== Segment start ==

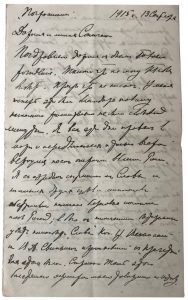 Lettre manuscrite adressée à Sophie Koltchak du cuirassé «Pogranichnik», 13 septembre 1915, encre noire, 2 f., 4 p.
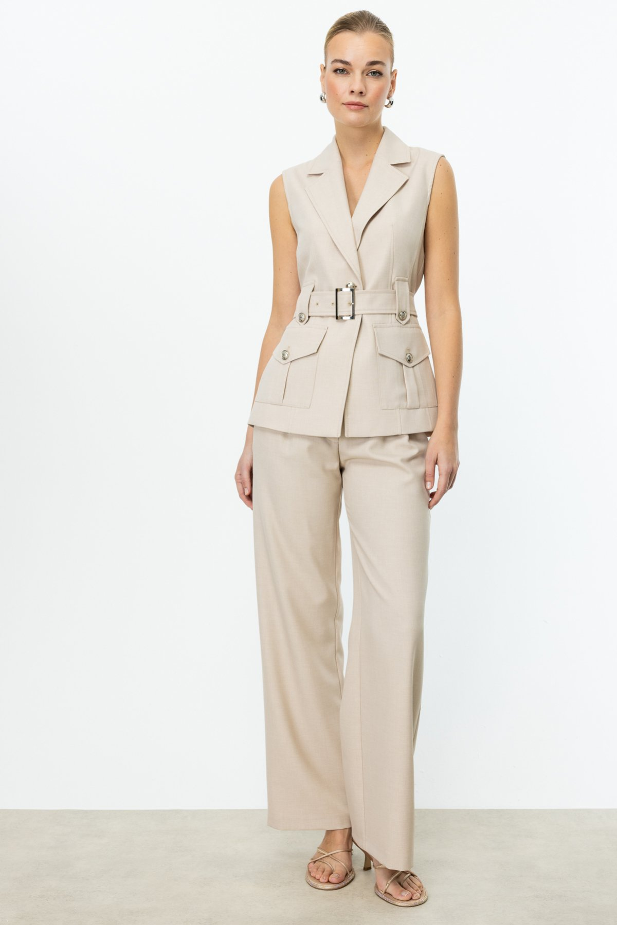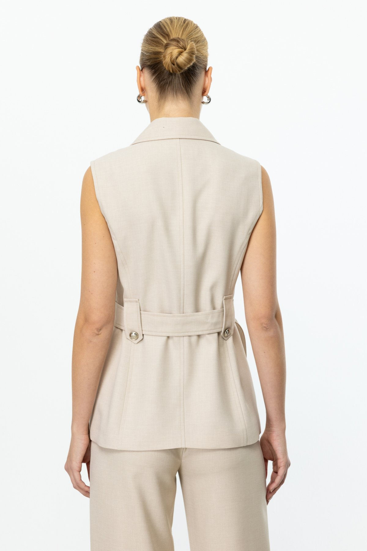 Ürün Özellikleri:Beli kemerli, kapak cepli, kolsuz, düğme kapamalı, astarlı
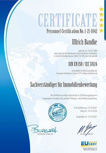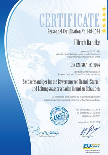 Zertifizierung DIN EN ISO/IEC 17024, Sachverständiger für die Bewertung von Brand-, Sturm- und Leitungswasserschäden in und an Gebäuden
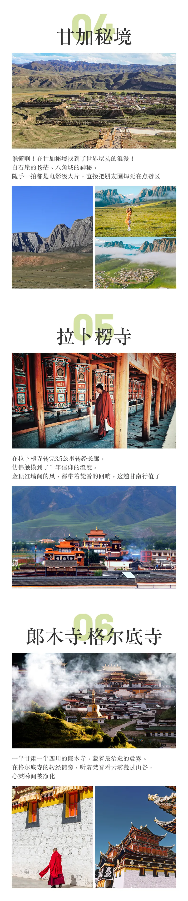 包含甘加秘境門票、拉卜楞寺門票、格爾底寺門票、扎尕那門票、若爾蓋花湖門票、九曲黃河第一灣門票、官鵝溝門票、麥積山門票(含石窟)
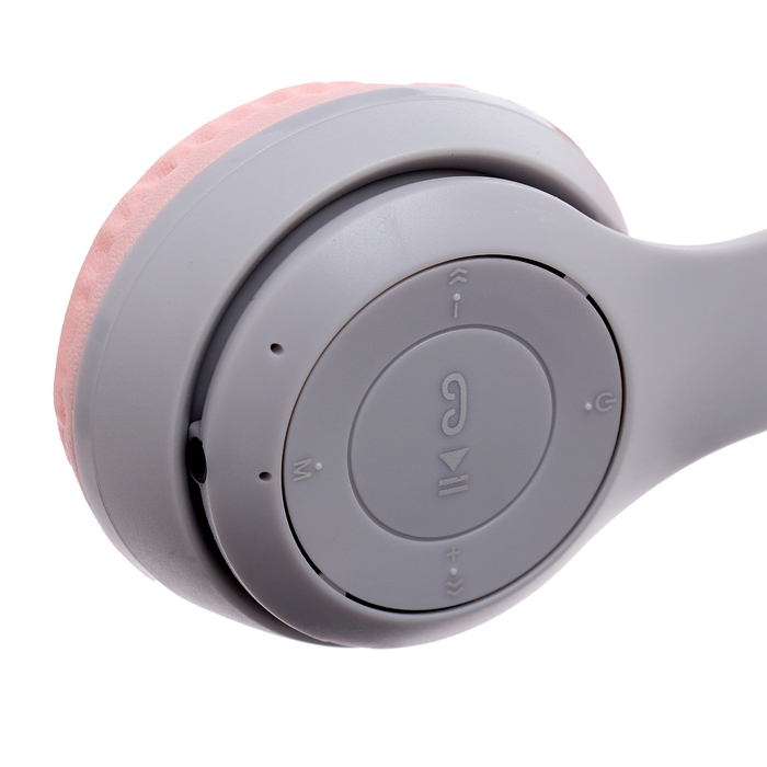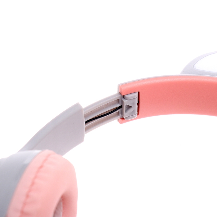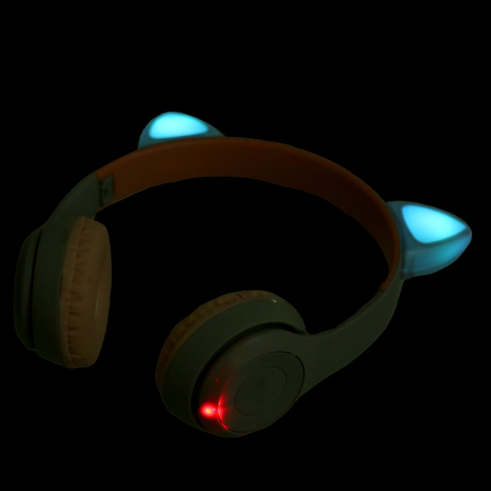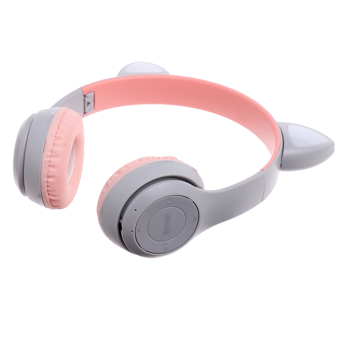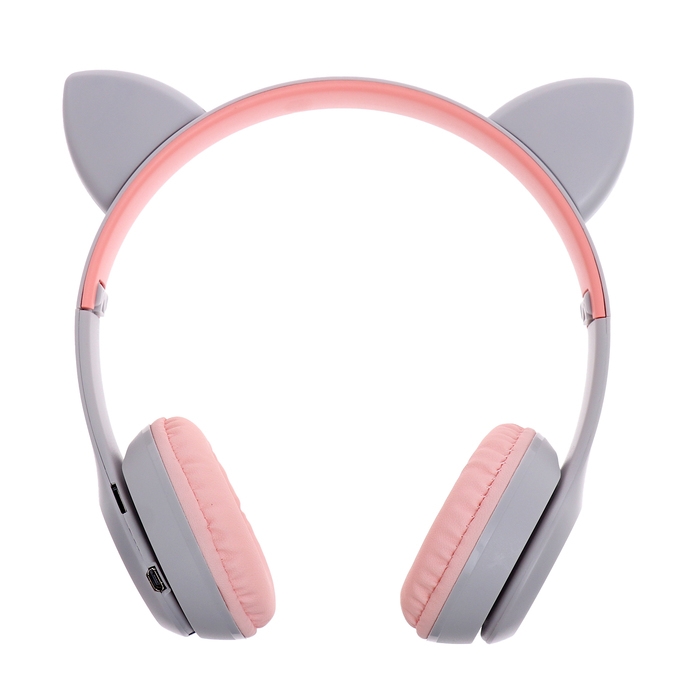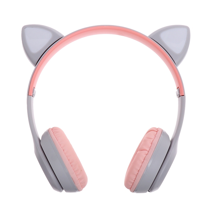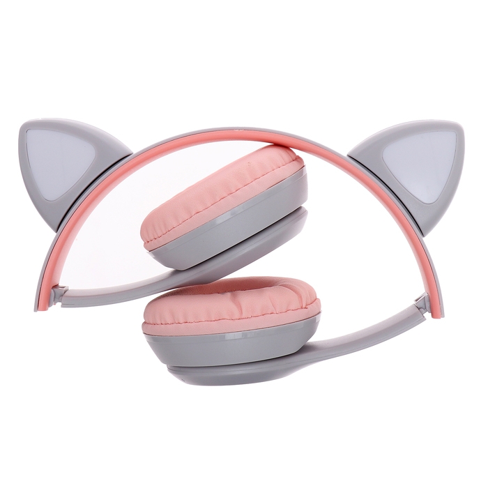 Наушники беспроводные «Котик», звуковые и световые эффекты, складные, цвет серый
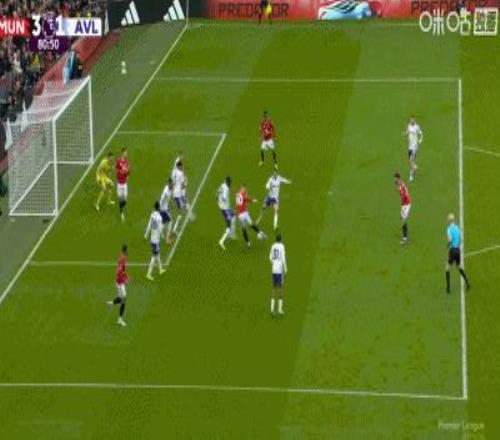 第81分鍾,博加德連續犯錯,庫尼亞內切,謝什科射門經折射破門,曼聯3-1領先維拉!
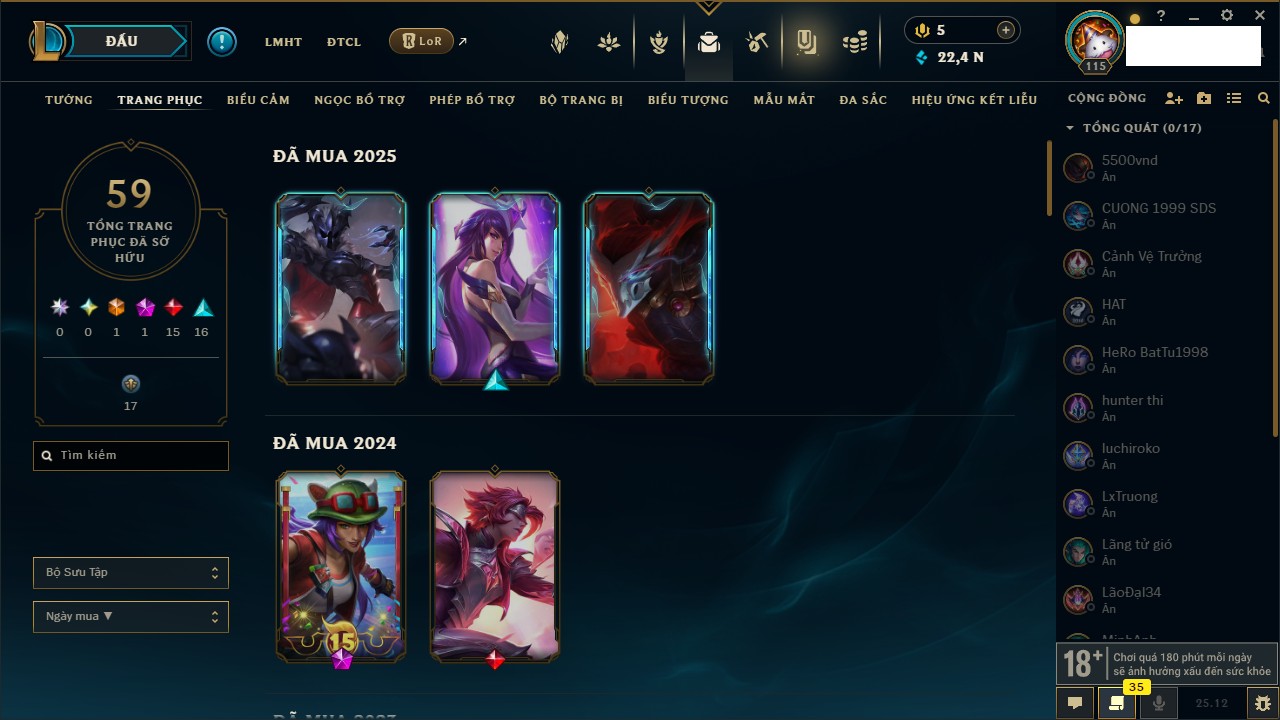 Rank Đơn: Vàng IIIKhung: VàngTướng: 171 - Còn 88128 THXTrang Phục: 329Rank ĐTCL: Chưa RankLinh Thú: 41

== Segment end ==

» WHAT YOU ARE ASKED TO DO: After removing the pictures, transcribe the listing above exactly.

» RESPONSE BOX:
 Lettre manuscrite adressée à Sophie Koltchak du cuirassé «Pogranichnik», 13 septembre 1915, encre noire, 2 f., 4 p.
 Ürün Özellikleri:Beli kemerli, kapak cepli, kolsuz, düğme kapamalı, astarlı
 Zertifizierung DIN EN ISO/IEC 17024, Sachverständiger für die Bewertung von Brand-, Sturm- und Leitungswasserschäden in und an Gebäuden
 包含甘加秘境門票、拉卜楞寺門票、格爾底寺門票、扎尕那門票、若爾蓋花湖門票、九曲黃河第一灣門票、官鵝溝門票、麥積山門票(含石窟)
 Наушники беспроводные «Котик», звуковые и световые эффекты, складные, цвет серый
 第81分鍾,博加德連續犯錯,庫尼亞內切,謝什科射門經折射破門,曼聯3-1領先維拉!
 Rank Đơn: Vàng IIIKhung: VàngTướng: 171 - Còn 88128 THXTrang Phục: 329Rank ĐTCL: Chưa RankLinh Thú: 41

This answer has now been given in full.